■ PROBLEM
In the entries that follow, find the line containing "Fototapeta premium A" and the line containing "Informations Techniques : Dimensions", then copy exactly everything from the first through the second except the pictures.

■ INFORMATION SHOWN
-- Opening Marker --
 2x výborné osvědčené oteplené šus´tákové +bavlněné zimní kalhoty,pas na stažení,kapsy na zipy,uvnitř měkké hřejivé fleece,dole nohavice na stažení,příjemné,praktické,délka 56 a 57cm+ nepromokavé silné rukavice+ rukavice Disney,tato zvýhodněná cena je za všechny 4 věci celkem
-- Closing Marker --
-- Opening Marker --
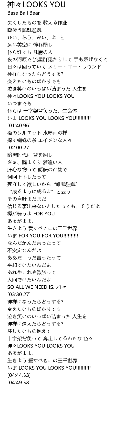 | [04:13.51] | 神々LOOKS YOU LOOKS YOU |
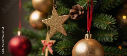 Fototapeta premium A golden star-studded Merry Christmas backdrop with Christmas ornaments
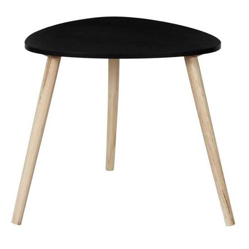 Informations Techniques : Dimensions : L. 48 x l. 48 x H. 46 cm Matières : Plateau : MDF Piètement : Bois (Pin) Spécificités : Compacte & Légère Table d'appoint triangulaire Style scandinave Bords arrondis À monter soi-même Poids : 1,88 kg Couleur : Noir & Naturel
-- Closing Marker --
■ EXPECTED ANSWER
 Fototapeta premium A golden star-studded Merry Christmas backdrop with Christmas ornaments
 Informations Techniques : Dimensions : L. 48 x l. 48 x H. 46 cm Matières : Plateau : MDF Piètement : Bois (Pin) Spécificités : Compacte & Légère Table d'appoint triangulaire Style scandinave Bords arrondis À monter soi-même Poids : 1,88 kg Couleur : Noir & Naturel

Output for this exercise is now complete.